Your task -
All lines in the records below from the line with "Mens New York" through the line with "アマゾンの新しいホットセール" are to be given again exactly, both ends included; the pictures are to be left out.

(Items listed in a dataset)
* * * * *

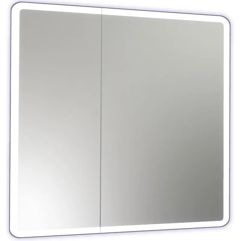 Зеркальный шкаф Reflection Chill 800х800 RF2315CH с подсветкой..Характеристики: Цвет: белый матовый. Материал фасада: зеркальное полотно. Материал корпуса: ЛДСП. Покрытие корпуса: ламинат. Габариты (ШxВхГ): 800х800х140 мм. Система хранения: две распашные дверцы (внутри полки). Оснащение: механизм с доводчиком. Тип подсветки: светодиодная. Тип выключателя: датчик на взмах руки. Температура свечения LED: 6000 K. Форма: прямоугольная. Ориентация: универсальная. Монтаж: подвесной. В комплекте поставки: Зеркальный шкаф.
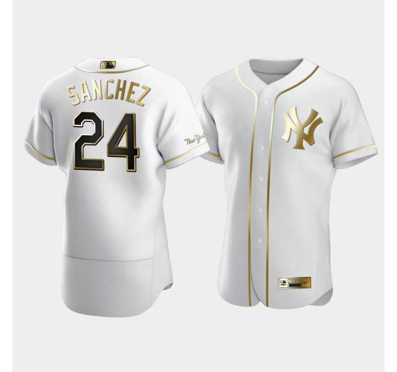 Mens New York Yankees Gary Sanchez #24 White Golden Edition Authentic Jersey
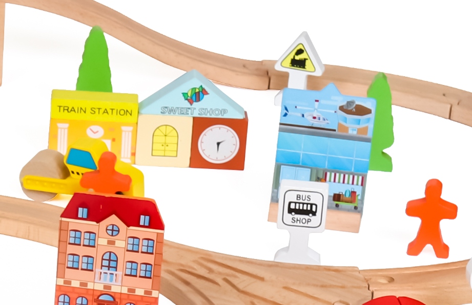 - ✳️ З’єднання інших іграшок: дерев’яний потяг можна з’єднати з іншими іграшками, такими як будівлі, машини чи персонажі, для створення пригод сцени.
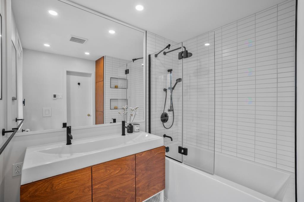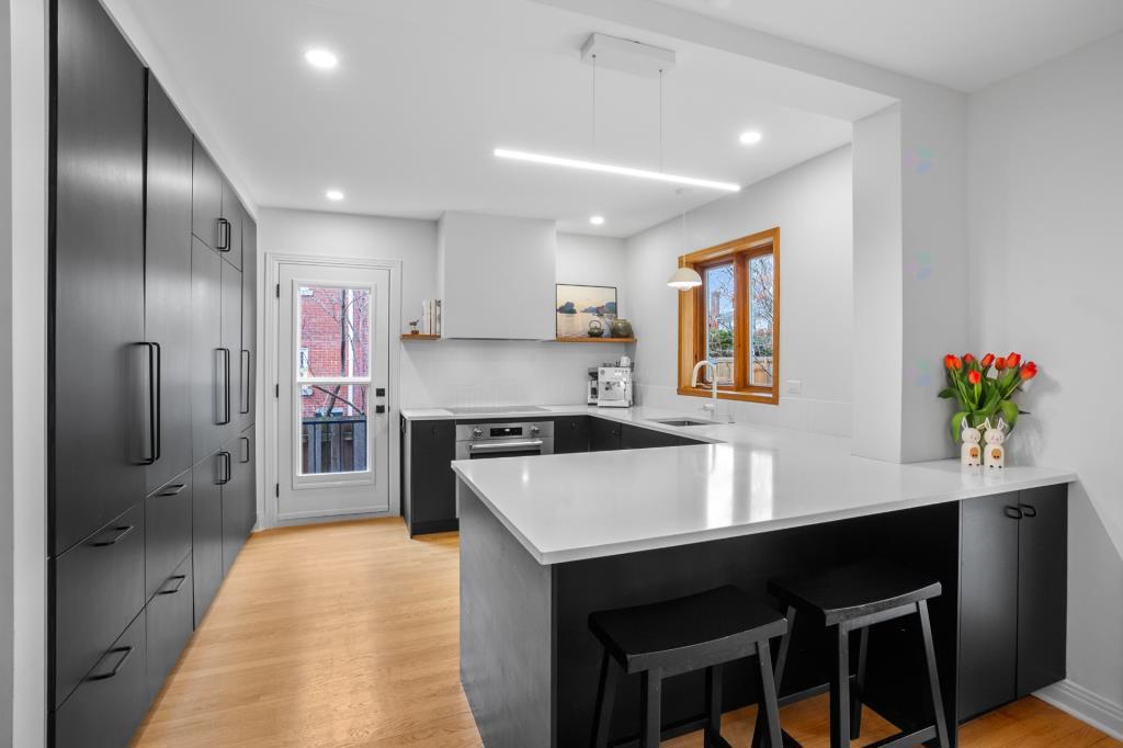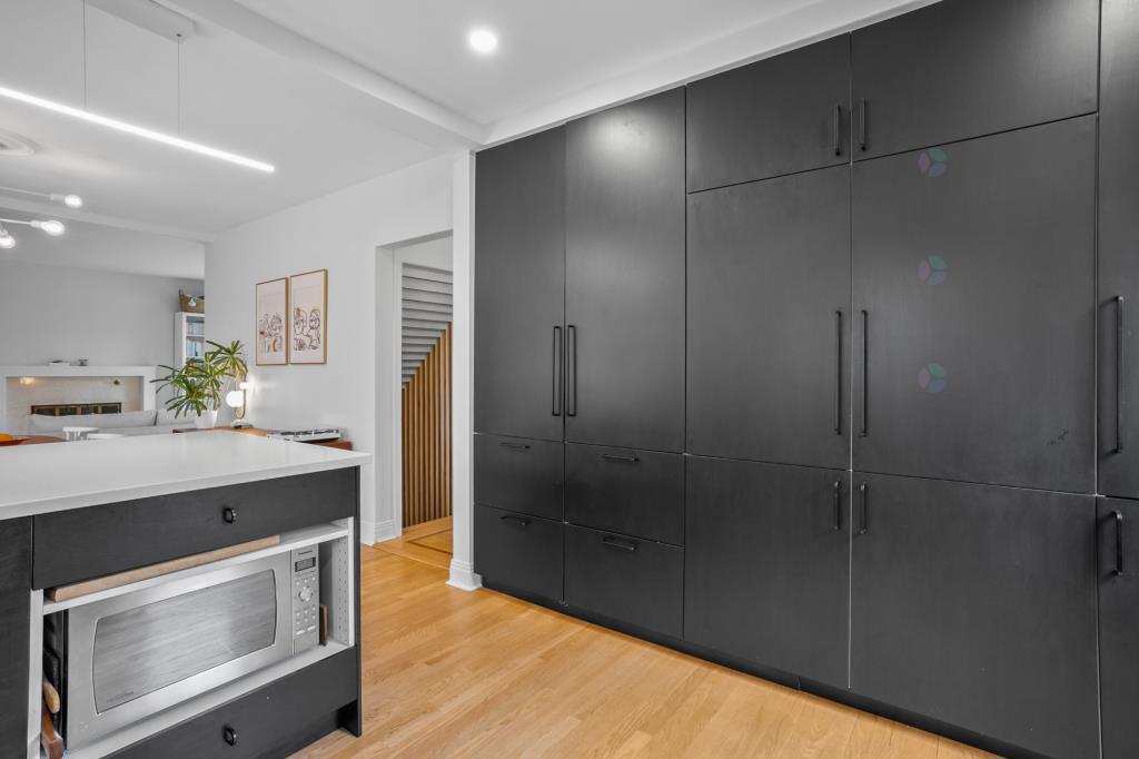 La cuisine, moderne et épurée, est un véritable coup de cœur pour les amateurs de gastronomie. Baignée de lumière naturelle, elle propose une ambiance inspirante pour cuisiner au quotidien. Son coin lunch, convivial et pratique, est parfait pour les repas rapides ou les moments de discussion informels. L’abondance de rangement et les multiples surfaces de travail permettent d’optimiser l’espace et de cuisiner avec aisance, que ce soit pour des repas simples ou des créations plus élaborées.
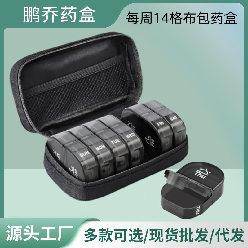 アマゾンの新しいホットセール金14格の黒いバッグ薬箱の人気財布金1週間14格の小さな薬箱
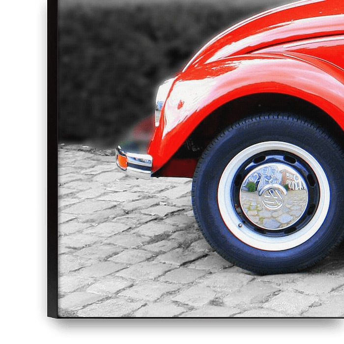Coccinelle Volkswagen en noir et blanc avec accent de couleur

* * * * *

Exercise solution -
 Mens New York Yankees Gary Sanchez #24 White Golden Edition Authentic Jersey
 - ✳️ З’єднання інших іграшок: дерев’яний потяг можна з’єднати з іншими іграшками, такими як будівлі, машини чи персонажі, для створення пригод сцени.
 La cuisine, moderne et épurée, est un véritable coup de cœur pour les amateurs de gastronomie. Baignée de lumière naturelle, elle propose une ambiance inspirante pour cuisiner au quotidien. Son coin lunch, convivial et pratique, est parfait pour les repas rapides ou les moments de discussion informels. L’abondance de rangement et les multiples surfaces de travail permettent d’optimiser l’espace et de cuisiner avec aisance, que ce soit pour des repas simples ou des créations plus élaborées.
 アマゾンの新しいホットセール金14格の黒いバッグ薬箱の人気財布金1週間14格の小さな薬箱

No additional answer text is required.